If we add Multi-Access Edge Computing (MEC), the artist formerly known as Mobile Edge Compute, to that mix, it means that operators and MVNOs can now drive more services closer to the consumer. Translation: better performance, faster time to market, and grander scale.
And how do you manage something like that at scale? That’s right: cloud. New 5G use cases will appear. Who knows what the next killer app for 5G will be and by what names they shall be known. Service providers need to be ready.
And now, one final big bonus one for you:
How do you grow beyond an infrastructure and dumb pipe provider? Value has now moved from the connection to the data. Visibility, security, and interconnection of data require massive amounts of resources. Processing vast amounts of transient data is a game of scale and distribution. The only effective way to achieve the kind of scale necessary is through distribution. Furthermore, the only effective way to achieve distribution at scale is through cloud technologies, whether public or private, at the cell tower or in the core.
But how do you unlock that value? Artificial Intelligence (AI). That’s right. Not the evil-robots-will-take-over-the-world AI, but the ability to make intelligent decisions based on data. Those decisions save money, reduce risk, identify new service opportunities, and generate revenue. A service provider needs to move faster than its users, which means leveraging AI and cloud technologies to be agile enough to respond to change.
It’s a bold statement to make: Service providers who don’t adopt cloud will die. But everything in the industry is pointing to a cloud future. Cloud is a business model delivered via technology. As civilization and culture change, so must business. If the pandemic taught us one thing about service providers, it’s that the entire world depends upon connectivity more than we realize. Everything we know about delivering services can change in an instant.
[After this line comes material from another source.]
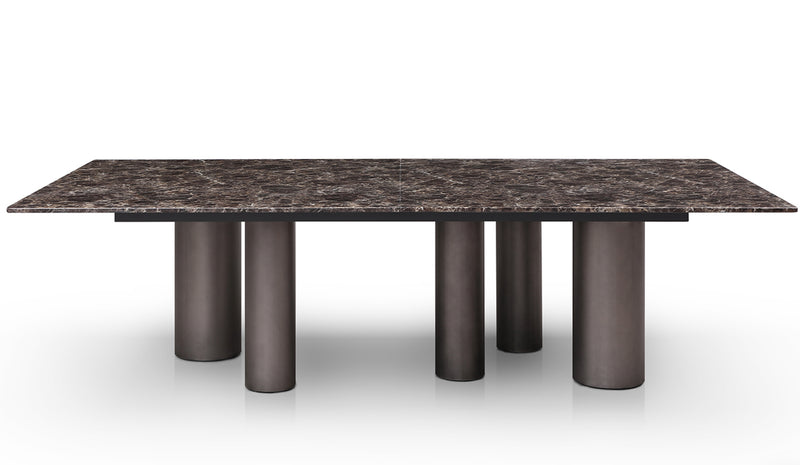 Extraordinary elegance and undulating shapes take the Envie dining table to new heights. Enhanced with eloquently luxurious materials, like fine marble and polished black bronze, it fits confidently in sophisticatedly stylish settings.

Every service provider is at a different point along the journey with cloud. If you’re a service provider and you don’t have a cloud strategy, then you’re in trouble. AT&T knows it and has moved. Bell Canada knows it and has moved. Cloud investment has changed how we consume over top of service provider networks. New technologies are inherently cloud-native and have been for several years. Data is too big to be contained and too important to be ignored.
We don’t have to be Nostradamus to see this one coming.